Галочку Байсарову не нашли. В тот шторм утонул кто-то из отдыхающих пансионата, но это был немолодой, нетрезвый мужчина. В милиции были составлены необходимые документы и отправлены родителям Галочки. Погоревали, поплакали, в сентябре в ее театральном институте появилась фотография с траурной лентой и некролог. Мальчик с экономического, любивший Галочку, едва не сошел с ума, вскрыл вены, попал в Клинику неврозов, а выйдя оттуда, начал рисовать и внезапно стал модным художником.
Со вторым режиссером досняли павильон, ждали возвращения Псоу, который это возвращение оттягивал. Мону Ли привез Эдик, который сказал ей за всю дорогу буквально несколько слов. Да и она сама — лежала на верхней полке, отвернувшись к стенке вагона, не ела ничего, только пила воду. В Москве Эдик посадил ее в пригородную электричку, и не удержался, сказал на прощание — поосторожнее, а то еще машинист поезда умрет от разрыва сердца и все — состав под откос. Мона Ли сидела в углу, под схемой железной дороги, и смотрела в пол.
На станции Одинцово она сошла, и долго плутала по улицам меж одинаковых домиков. Кончалось лето, забивали ставни, стояли грузовики с мебелью и тюками — переезжали в город. Где-то безутешно плакал ребенок, мяукала брошенная кошка, и уже вил свои спирали горьковатый дымок от костров из опавшей листвы. Дверь в дом Коломийцевых была заперта. Мона Ли пошарила за наличником, под ковриком, под крыльцом — ключа не было нигде. Нету их, девочка, — громко крикнула соседка, — нету. Пал Палыч в школе, Танечка в больнице, а муж ихний с ребеночком в Москве. Так у Тани — ребенок? Мона поставила чемодан, — мальчик? Девочка? Не знаю, — соседка отвернулась, — откуда мне знать-то? Ты жди, папка придет, как уроки кончатся. Мона Ли села на крыльцо и стала ждать. Упал лист с березы, потом еще один, и третий… Застучал дятел, яблоко упало на крышу дома и скатилось в бочку с водой. Мона Ли сидела и ждала.
Глава 45
Танечка выжила. Она родила мальчика, крупного, радостного, сероглазого, с пухлыми щечками и, судя по всему, с удивительным характером. Сына назвали Митей, просто никакое другое имя ему не шло. Если с новорожденным все было в порядке, то сама Танечка, падая, получила серьезные переломы и травмы, которые вызвали осложнения при родах. Она второй месяц лежала в больнице, Митя был, конечно, с нею. Лёша забрал Кирилла в Москву, хотя бы на то время, пока Танечка не поправится.
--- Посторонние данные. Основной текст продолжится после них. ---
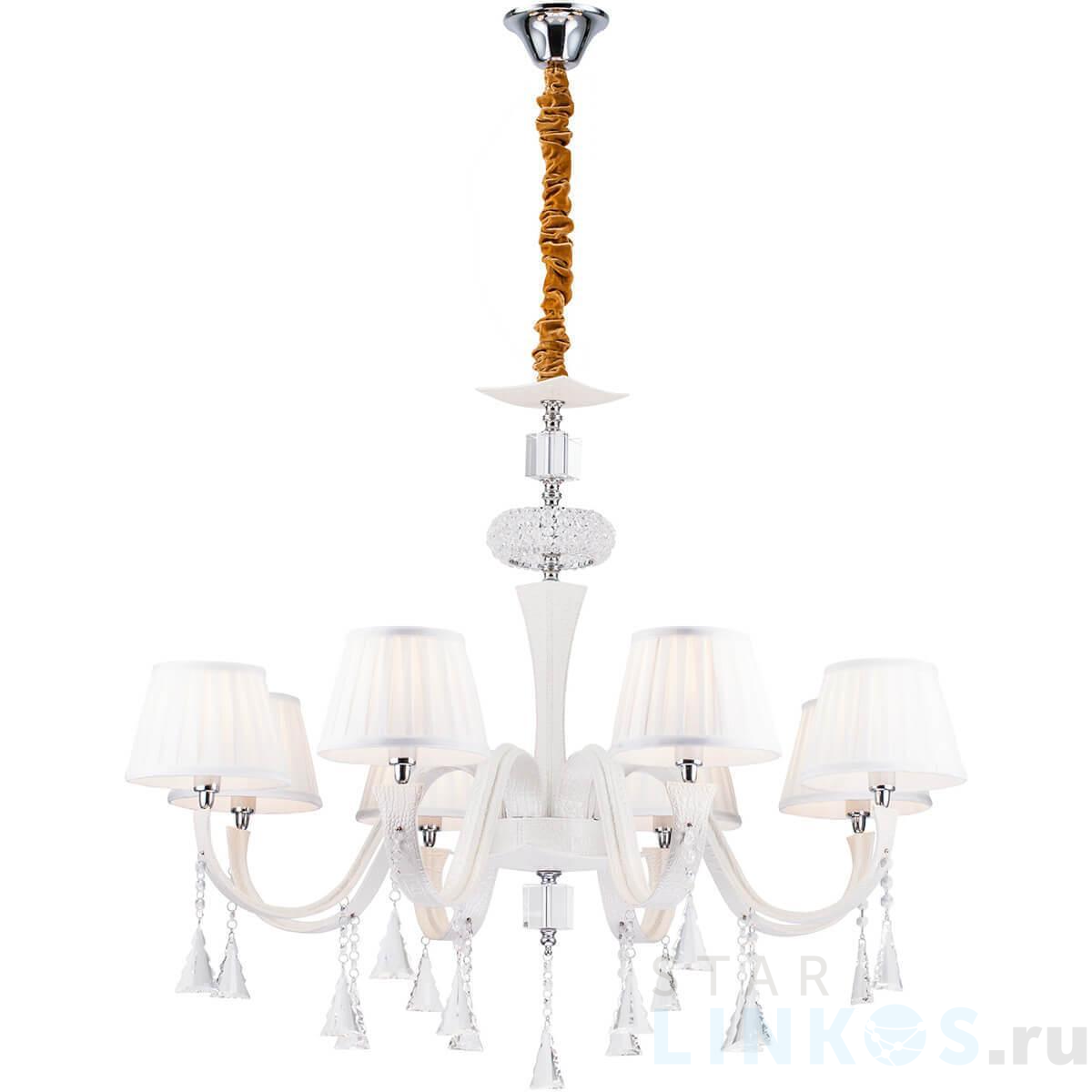 Поставщик рекомендует использовать лампы накаливания с цоколем E14 для освещения площади 26,7 м2. Подвесная люстра Lucia Tucci Pelle Bianca 119.8 в используется в интерьере гостиной с установкой на потолок.
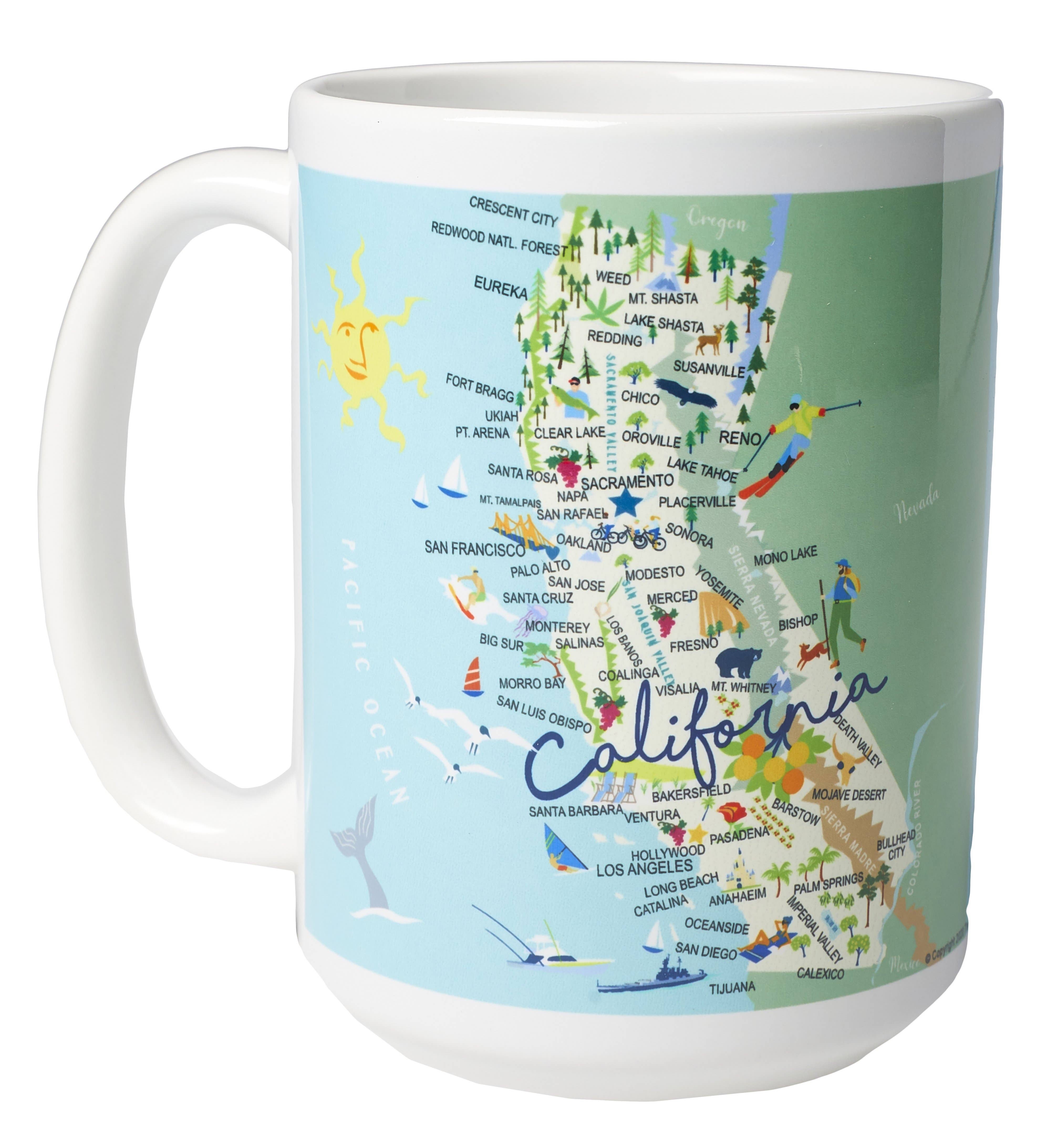 Our ceramic Surf Bear Mug was inspired by vintage artwork from the 1913 sheet music cover of California's state song, "I Love You California." Gift boxed 3.75" x 3.75" x 5.25" Microwave and Dishwasher Safe - May Get Hot. Imported. (MSRP $15.95)
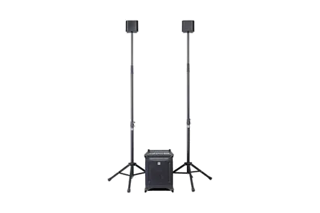 Diese einfach zu transportierende Anlage verfügt über sehr vielfältige Möglichkeiten, um selbst dem anspruchvollsten Künstler gerecht zu werden. Ideal für Solisten, Duos oder Ensembles.
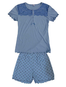 Ustyle Γυναικεία σετ πιτζάμας καλοκαιρινή βαμβακερή με καρδούλες Μπλε US-5003

Пал Палыч ходил на работу автоматически, беспокойство за состояние дочери его не отпускало. О новых страшных событиях в Судаке он узнал от Лары, и пришел в отчаянье.
— Паш, — сказала Лара, — может быть, её к бабке какой свозить? Ты же смотри, что вокруг неё делается, к ней приблизиться страшно. А сейчас из Гурзуфа вернется — куда? К тебе опять! А у тебя внуки. Паша, подумай. Я всю Москву на ноги подниму — ты меня знаешь.
Пал Палыч думал, он не переставая думал о странностях Моны Ли, хотя уже знал их причину. Но он был, хотя и верующий, а все же — материалист, это обычно уживается в современном человеке. Он, даже примирив себя со знанием Мониной природы, не понимал — почему происходят именно несчастные случаи? Он шел, загибая пальцы — Машу, маму Моны Ли, убили, когда она спускалась с лесенки вагона. Закхея Ли убили — в этом Коломийцев не сомневался, когда тот спускался с лестницы. Мону Ли похитили в Ташкенте — да, когда она спустилась с лестницы. Лестница была в ташкентском дворце, лестница — для купания — с нее нырял Сашка Архаров, и, наконец — сейчас, крепостная лестница. Почему именно лестница присутствовала практически везде? Ах, так и Танечка — упала — с лестницы. Никаких объяснений, связанных с этим, в письме Закхея Ли не было.
Пал Палыч открыл калитку, поднял глаза — и увидел Мону Ли, сидящую на крыльце. Поднялся, открыл дверь, — входи. Мона Ли вошла, встала в прихожей. Пал Палыч принес ей ее детские комнатные туфли — вот.
— Малы, — сказала Мона, — малы.
— Других нет, — отрезал Пал Палыч.
— Папа, — Мона не входила в комнату, стояла около вешалки, — папа, прости меня.
— Мона, — я столько раз это слышал, что я просто не могу верить тебе.
— Папа, мне некуда больше идти, — Мона смотрела в сторону.
— Я же тебя не гоню, — отозвался Пал Палыч, — обед на плите.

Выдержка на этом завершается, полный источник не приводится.